> _Task directions_: Below are some entries. Transcribe the lines from the one holding "Guarda-Roupa Solteiro 2" to the one holding "คำตอบที่ 51 หลังจากปีนเขา", inclusive, but not the pictures among them.

[[ Task input open ]]

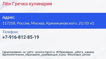 Лён-Гречка, кулинария по адресу 117218, Россия, Москва, Кржижановского, 21/33 к1 в дальнейшем Организация, размещена в следующих категориях:
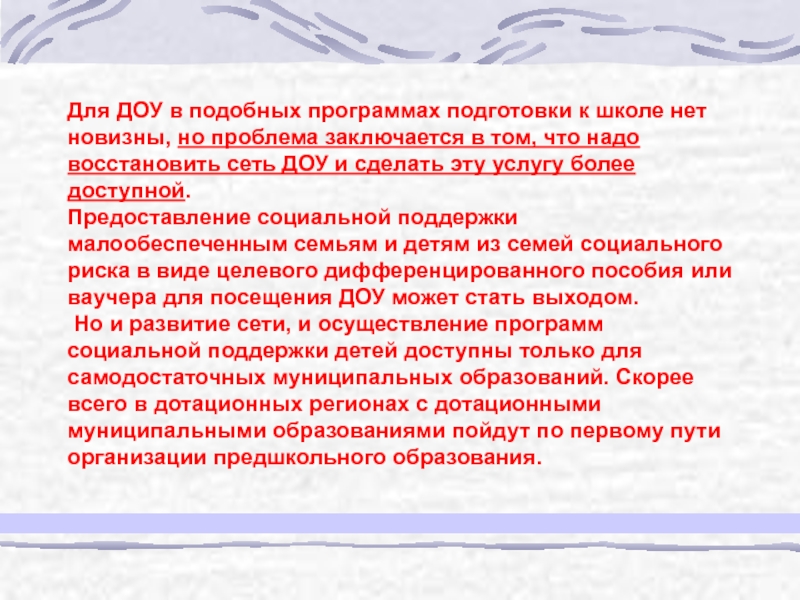 В целях снижения рисков недополучения услуг ДОУ для детей из малоимущих семей предлагается внедрить следующий подход к их финансированию:
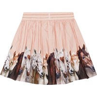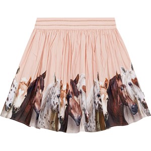 Puderfärgad, rundad kjol i ekologisk bomull. Kjolen är skön att ha på och att ta på med det glitterrandiga gummibandet i midjan. Kjolen har ett mönster med hästar i bruna och vita nyanser längs hela botten.
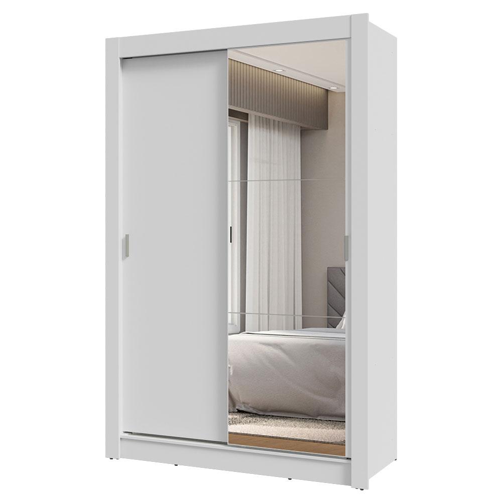 Guarda-Roupa Solteiro 2 Portas de Correr com Espelho 2 Gavetas Branco Vivare Madesa
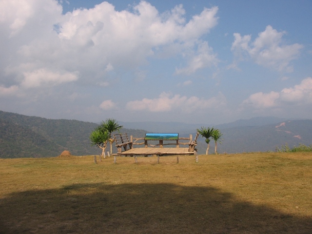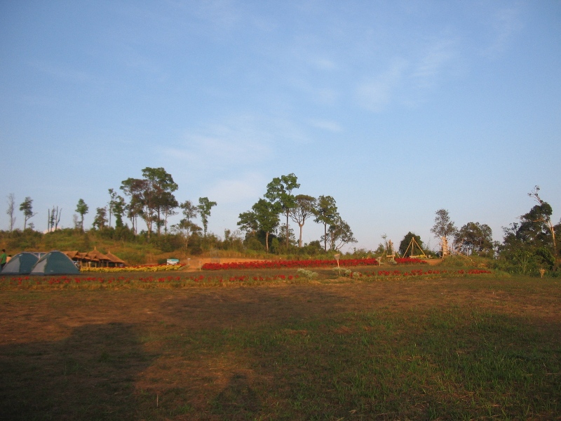 คำตอบที่ 51 หลังจากปีนเขา 1000 เมตรจากระดับน้ำทะเล ก็เข้าสู่ บ้านร่มเกล้า ผ่านบ้านร่มเกล้าไปประมาณ 1 กม. ขวามือก็ถึงแล้ว ศูนย์พรรณไม้ร่มเกล้า ปีนขึ้นไปอีกที่ระดับ 1100 เมตรกว่าๆ ก็ถึงลานสน ..จัดแจงกางฟลายชีท บนลานสน เสร็จก็ได้รับลมเย็นๆบนยออดดอย
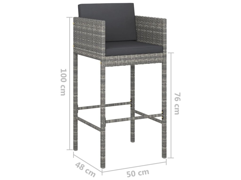 Barová súprava je vyrobená z PE ratanu, ktorý je vodovzdorný a odolný voči poveternostným vplyvom. Dá sa ľahko očistiť, je trvácna a vhodná aj na každodenné používanie. Oceľový rám s práškovou povrchovou úpravou dodáva stolu a stoličkám potrebnú stabilitu a odolnosť. Doska stola je ideálna na umiestnenie nápojov, jedla alebo dekoratívnych položiek. Opierka nôh a vankúše tiež zvyšujú pohodlie počas sedenia. Vďaka ľahkej konštrukcii sa dajú jednotlivé položky bez námahy presúvať.

[[ Task input closed ]]

> _Task output_:
 Guarda-Roupa Solteiro 2 Portas de Correr com Espelho 2 Gavetas Branco Vivare Madesa
 คำตอบที่ 51 หลังจากปีนเขา 1000 เมตรจากระดับน้ำทะเล ก็เข้าสู่ บ้านร่มเกล้า ผ่านบ้านร่มเกล้าไปประมาณ 1 กม. ขวามือก็ถึงแล้ว ศูนย์พรรณไม้ร่มเกล้า ปีนขึ้นไปอีกที่ระดับ 1100 เมตรกว่าๆ ก็ถึงลานสน ..จัดแจงกางฟลายชีท บนลานสน เสร็จก็ได้รับลมเย็นๆบนยออดดอย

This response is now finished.